Vision: Shear parametrized improperly

I believe the affine transforms in torchvision are parametrized improperly, due to handling shearing incorrectly.

PR #1070 contains a related discussion about the new two-axis "shear" parametrization. In this issue I'd like to focus on why even for a single axis the parametrization is slightly incorrect, then give a possible solution and a suggestion for enabling two axis shearing.

Typically we think of shear as a "tilt" of the X or Y axis that does not affect vectors orthogonal to that axis. Because of this it is common to parametrize a shear transform by that angle.
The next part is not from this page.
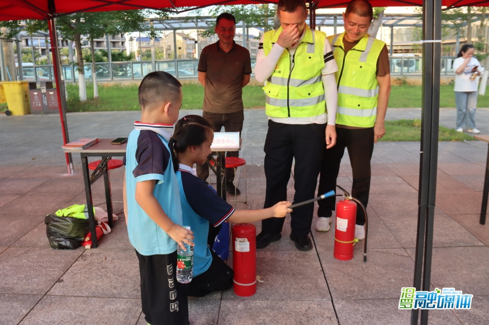 在汨罗市公路建设和养护中心咨询台前,家住附近的五年级学生徐同学在母亲陪同下,带着弟弟专注聆听工作人员讲解灭火器的使用方法。“先拔掉保险销,握住喷管,站在上风方向对准火焰根部喷射……”工作人员一边进行演示,一边细致讲解,现场学习氛围浓厚。

We start with an X-shear matrix of the form

A = [ 1 s ]
    [ 0 1 ]

The cosine of the angle phi between the Y axis and the transformed Y axis is

cos(phi) = (x^T A x) / | A x |
x = [ 0 ]
    [ 1 ]

It's easy to expand this and see that

cos(phi) = 1/sqrt(1 + s^2)

which is satisfied when s = tan(phi). So the natural parametrization for an X shear is

A = [ 1  tan(phi) ]
    [ 0       1   ]

The combined transform in torchvision/transforms/functional.py is determined by the RSS matrix which represents a uniform scaling by scale, a rotation by a radians and a shear of shear radians:

RSS = [ cos(a)*scale    -sin(a + shear)*scale ]
      [ sin(a)*scale     cos(a + shear)*scale ]
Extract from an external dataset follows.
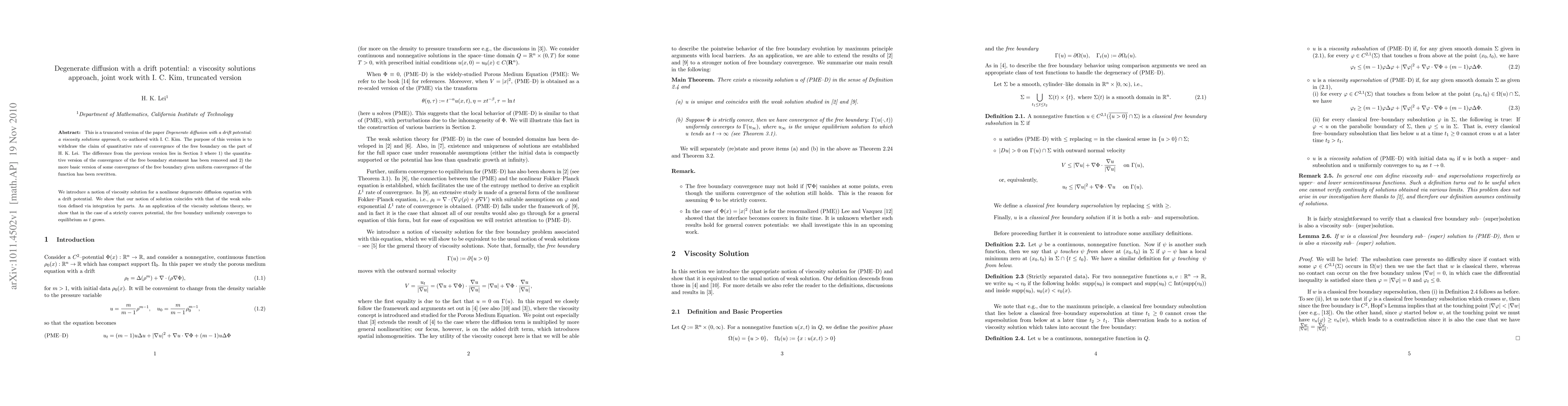 This is a truncated version of the paper "Degenerate diffusion with a drift potential: a viscosity solutions approach", co-authored with I. C. Kim. The purpose of this version is to withdraw the claim of quantitative rate of convergence of the free boundary on the part of H. K. Lei. The difference from the previous version lies in Section 3 where 1) the quantitative version of the convergence of the free boundary statement has been removed and 2) the more basic version of some convergence of the free boundary given uniform convergence of the function has been rewritten. It is emphasized that while some effort has been made towards better exposition and clarity with regard to showing some convergence of the free boundary given uniform convergence of the function (see Section 3) there is no new result here. Quite on the contrary, as the title indicates, what is contained here is a strict subset of the original. We introduce a notion of viscosity solution for a nonlinear degenerate diffusion equation with a drift potential. We show that our notion of solution coincides with that of the weak solu- tion defined via integration by parts. As an application of the viscosity solutions theory, we show that in the case of a strictly convex potential, the free boundary uniformly converges to equilibrium as $t$ grows.

This matrix should represent a shearing, scaling and rotation. Both the rotation and shearing have determinant 1, so the resulting determinant for RSS should be scale^2, however if we compute the determinant we easily see that it is

det (RSS) = scale^2 (cos(a) cos(a+shear) + sin(a)sin(a+shear) ) = scale^2 cos(shear)

where the simplification is due to the product-to-sum trig identities (cf. https://en.wikipedia.org/wiki/List_of_trigonometric_identities#Multiple-angle_formulae). This is a problem since it will _shrink_ the image when shear is large, which the user may not desire. In general, it is just not a clean parametrization of an affine transform, since for example the existing parametrization makes it impossible to generate pure shears with no rotation or scaling.

There is a simple fix in the case of a single X shear, and that is to replace
the RSS matrix above by the one derived from the parametrization in the formula
for A above. Ignoring scale we have

RSS = [ cos(a)  -sin(a) ] [ 1  tan(shear) ] = [ cos(a)  cos(a)tan(shear) - sin(a) ]
      [ sin(a)   cos(a) ] [ 0       1     ]   [ sin(a)  sin(a)tan(shear) + cos(a) ]

Rearranging and using the trig identities again, we arrive at a simple formula:

RSS = [ cos(a)   -sin(a-shear)/cos(shear) ]
      [ sin(a)    cos(a-shear)/cos(shear) ]

So we see that two entries in the current released torchvision's RSS matrix just
need a division by cos(shear). It's also easy to see that this fixes the
determinant issue above.

As far as extension to two shears, we have a choice of which shear to apply
first, the X shear or Y shear. If we perform the X before Y then the rotation
and again ignoring scaling, we wind up with the following RSS matrix:

RSS = [ cos(a+shear_y)/cos(shear_y)  cos(a+shear_y)tan(shear_x)/cos(shear_y) - sin(a) ]
      [ sin(a+shear_y)/cos(shear_y)  sin(a+shear_y)tan(shear_x)/cos(shear_y) + cos(a) ]

This might simplify a bit more, but I don't see it currently. It can be shown
pretty easily that this has determinant 1, and it's clear that setting either
shear to zero results in the proper rotation-shear matrix.

As I mentioned there are other ways to enable more general shearing, like performing the Y shear before the X, or conjugating an X shear by a rotation by some uniformly distributed angle psi in order to enable shearing along the X axis rotated by psi.